Figure 1: op-amp with open-loop inverting mode.

In Figure 1 the op-amp will amplify the difference between its inputs by the open loop gain. Let's say the open loop gain is 1,000,000 and we apply +1 mV at the '-' input. Since it is higher than the '+' input the output will go to -1 mV x 1000000 = -1000 V. (Obviously on a real op-amp it will stop at the negative supply rail.)
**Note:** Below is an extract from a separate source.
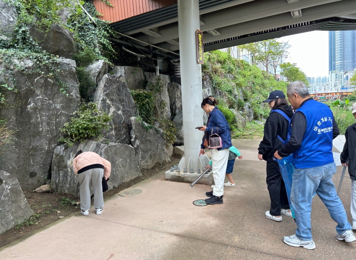▲ 그림그리기 대회 종료 후 심곡천 환경정화 활동에 참여하고 있다.

This circuit would not make a good amplifier as the gain would not be controllable, any variation or drift in the input offsets would wreak havoc with the output and any non-linearities of the amplifier would go un-checked. It might, however, make a useable comparitor to detect if the input voltage was above or below, in this case, zero volts.

Negative feedback

Negative feedback occurs when some function of the output of a system, process, or mechanism is fed back in a manner that tends to reduce the fluctuations in the output, whether caused by changes in the input or by other disturbances. Wikipedia.

Applying negative feedback brings the output under control.

schematic

simulate this circuit

Figure 2: inverting op-amp with negative feedback. Figure 3: non-inverting opamp with positive feedback.

Now if we apply negative feedback by putting back R2 the output counters the input. Imagine the operation as a sequence:

  • Vin = 0. Vout = 0.
  • Vin = 1 V. Vout = 0 at this instant. R1 and R2 form a voltage divider and the '-' input is at 0.5 V.
  • Vout starts to swing negative. This pulls the '-' input back towards 0 V.
  • The output settles down at Vout = -1 V.

In this configuration the output will move to whatever voltage makes the '-' input the same as the '+' input. This will occur when \$Vout = -Vin \frac {R2}{R1}\$.

Positive feedback

Figure 3 shows the amplifier with positive feedback.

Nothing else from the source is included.